Objectives To assess trends in early neonatal mortality (ENM) and population-attributable risk (PAR) estimates for predictors of ENM in Nigeria.

Design, setting and participants A cross-sectional data on 63 844 singleton live births within the preceding 5 years from the 2003, 2008 and 2013 Nigeria Demographic and Health Surveys were used. Adjusted PARs were used to estimate the number of early neonatal deaths attributable to each predictor in the final multivariable Cox regression model.

Main outcome measures ENM, defined as the death of a live-born singleton between birth and 6 days of life.

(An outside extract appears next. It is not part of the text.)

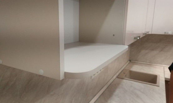 Кухня установлена в Ривьере, на Западной поляне, достойная кухня, все с хорошей фурнитурой, столешницей и фасадами.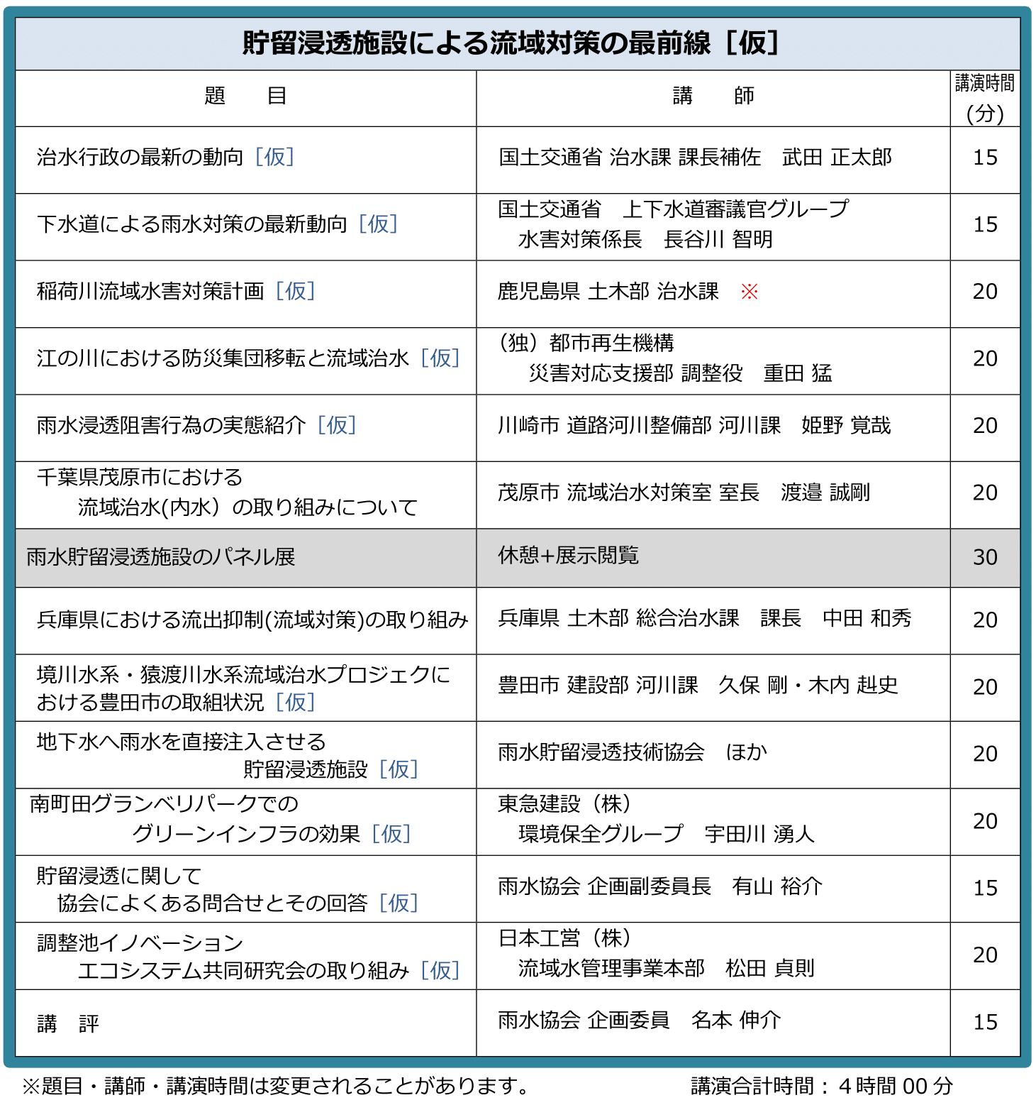 今回の技術講習会は「貯留浸透施設による流域対策の最前線」と題し、国土交通省をはじめ、特定都市河川に指定された流域の自治体の方々など様々な自治体の方々により、具体的な施策や現状の課題等についてお話しいただき、当協会の会員をはじめ、自治体の皆様、雨水貯留浸透に関わる企業の方々に役立つ事例や情報を紹介することとしました。

Results The ENM rate slightly declined from 30.5 (95% CI 26.1 to 34.9) to 26.1 (CI 24.3 to 27.9) during the study period. Approximately 36 746 (CI 14 656 to 56 920) and 37 752 (CI 23 433 to 51 126) early neonatal deaths were attributable to rural residence and male sex, respectively. Other significant predictors of ENM included small neonates (attributable number: 25 884, CI 19 172 to 31 953), maternal age <20 years (11 708, CI 8521 to 17 042), caesarean section (6312, CI 4260 to 8521) and birth order ≥4 with a short birth interval (≤2 years) (18 929, CI 12 781 to 25 563)).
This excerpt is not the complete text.